Posting and reposting politics

Social media plays a larger roll in politics


Abby Moutardier, Editor-in-Chief

Leading up to and following the 2020 presidential election, teens have shown increased interest in politics, specifically on social media. 

“I think social media has had a big impact on politics, especially this year; it’s a big platform for people to share their thoughts and opinions across wide ranges,” sophomore Jamie Gaetano said. “I also think social media plays a very big role in people’s political views and opinions and how they change.”  

In recent years, more and more teens have begun using social media as a news source, specifically to stay updated on politics. In a poll conducted with 90 NAHS students, 25% reported to use social media for most or all of their news. Nationally, 55% of adults use social media often or sometimes for news, according to Forbes. 

“I don’t think social media is a good news source because what you see is going to be biased towards one side and won’t tell the entire story,” senior Dorian Hamilton said. “There is a lot of misinformation that goes around, and people occasionally make their decisions and judge candidates differently because of it.”

Teens are doing more than just reading political posts, with 50% reporting to have shared a political post in the past year, according to the NAHS poll. 

“I would say 30-45 percent [of my social media feed] is political,” Gaetano said. “I use my platform to express my opinions on political things going on that are good and bad. I have never used it in a negative way and I don’t think it is a bad thing to use your platform to speak out on what you believe.”

Posts related to politics drastically increased in the 30 days following George Floyd’s death, according to John Murphy, a professor at University of Connecticut. 

“I think the George Floyd murder brought a lot of much needed attention to our unjust system and that is why political posting has gone up,” Gaetano said. “I believe it woke people up, opened more eyes to what’s really going on and made them realize how important it is to be vocal in your beliefs.”

These posts come in all forms, whether it is a tweet from a politician, a traditional news post, or an aesthetically pleasing infographic slideshow. 

“Either the news ones, or the ones that you can swipe through and see what it says [attract me],” senior Kade Riley said. “Then I can fact check and see if it’s actually true.”

Posting politics comes with a huge responsibility, and with the ever growing term “fake news”, fact checking is more important than ever. 80% of the 45 students who reported posting politics on social media said they fact checked, according to the NAHS poll. In addition, 62% of students reported they were more likely to fact check a political  post they disagreed with. 

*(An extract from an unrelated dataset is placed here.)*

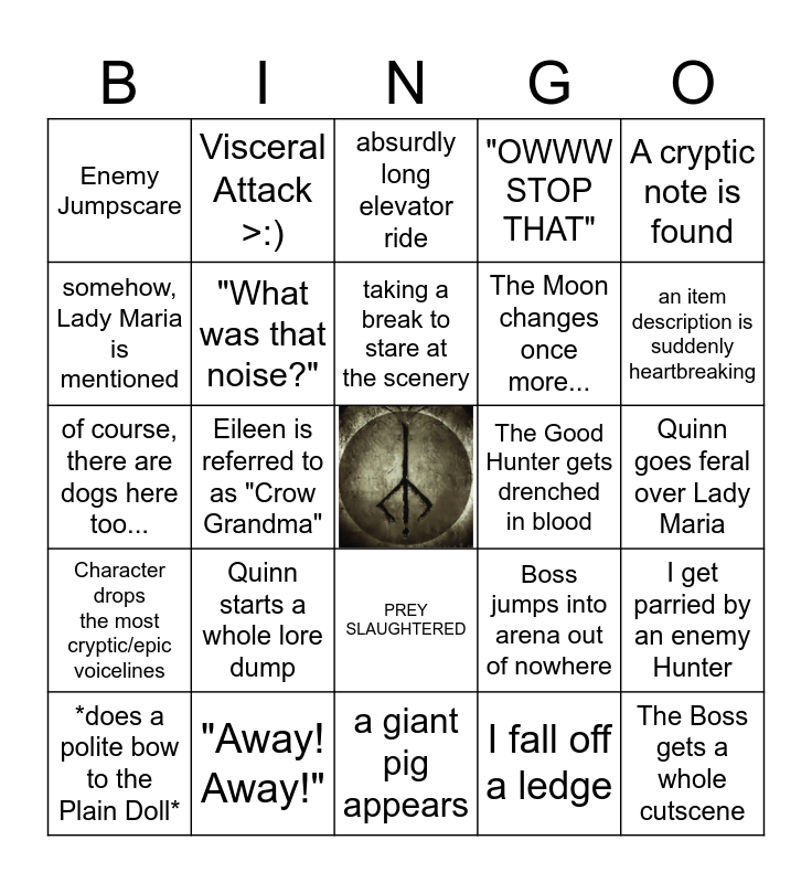 This bingo card has a free space and 24 words: Quinn starts a whole lore dump, "Away! Away!", taking a break to stare at the scenery, *does a polite bow to the Plain Doll*, A cryptic note is found, Enemy Jumpscare, somehow, Lady Maria is mentioned, Visceral Attack >:), The Good Hunter gets drenched in blood, PREY SLAUGHTERED, The Moon changes once more..., of course, there are dogs here too..., Boss jumps into arena out of nowhere, I get parried by an enemy Hunter, "What was that noise?", I fall off a ledge, Quinn goes feral over Lady Maria, absurdly long elevator ride, an item description is suddenly heartbreaking, Eileen is referred to as "Crow Grandma", The Boss gets a whole cutscene, Character drops the most cryptic/epic voicelines, "OWWW STOP THAT" and a giant pig appears.

“I think students are more likely to fact check something they disagree with because they want to believe a certain thing about certain political parties and when it’s proving that how they view them is wrong they can’t handle it and get mad,” junior Kenzie Kraft said. 

Gaetano says she fact checks before posting or reposting something with political content. 

“I always fact check,” Gaetano said. “Anything you see on the internet could be fake so it is important to make sure that what you are reposting and supporting it real. For me, the process is simple. If I see something I feel the need to repost I will fact check it.”

With the future of news leaning towards social media, this raises questions regarding the future of traditional news. For NAHS students, Instagram is used the most as a social media news source, by 32.6% of students; Twitter comes in second at 18.5%. Among adults, Facebook takes the cake, followed by Youtube and Twitter, according to Pew Research

“I would think so because everyone is on [Instagram],” Riley said. “Instagram is where everyone posts their main things, and you can put polls on Instagram to see which side people are on.” 

Additionally, those who get news mostly from social media are found to be less informed than those who rely on traditional news outlets, according to Journalism.Org. Social media was found to be one of the least reliable, with local tv ranking even lower. 

Social media is believed to play a large part in US elections. 93.5% of students believe social media has an impact on US elections. 

“Generally, teens engage in social media with people their own age, through sites designed for people their own age whose knowledge is just as limited as their own,” Government teacher Steve Bonifer said. “Before social media there was adult modeling of what was presentable and how to present something and that has disappeared with many social media sites. That is not to say that adults know so much more than teens.” 

Bonifer says he hopes as teens continue to grow, they learn how government affects them. 

“As teens turn into adults with families they will realize how much government affects their lives,” Bonifer said. “Hopefully, they will have learned where to look for reliable information to guide their decision making process and not to make uninformed decisions. Remember: most people, most of the time, do not have informed opinions about most issues.”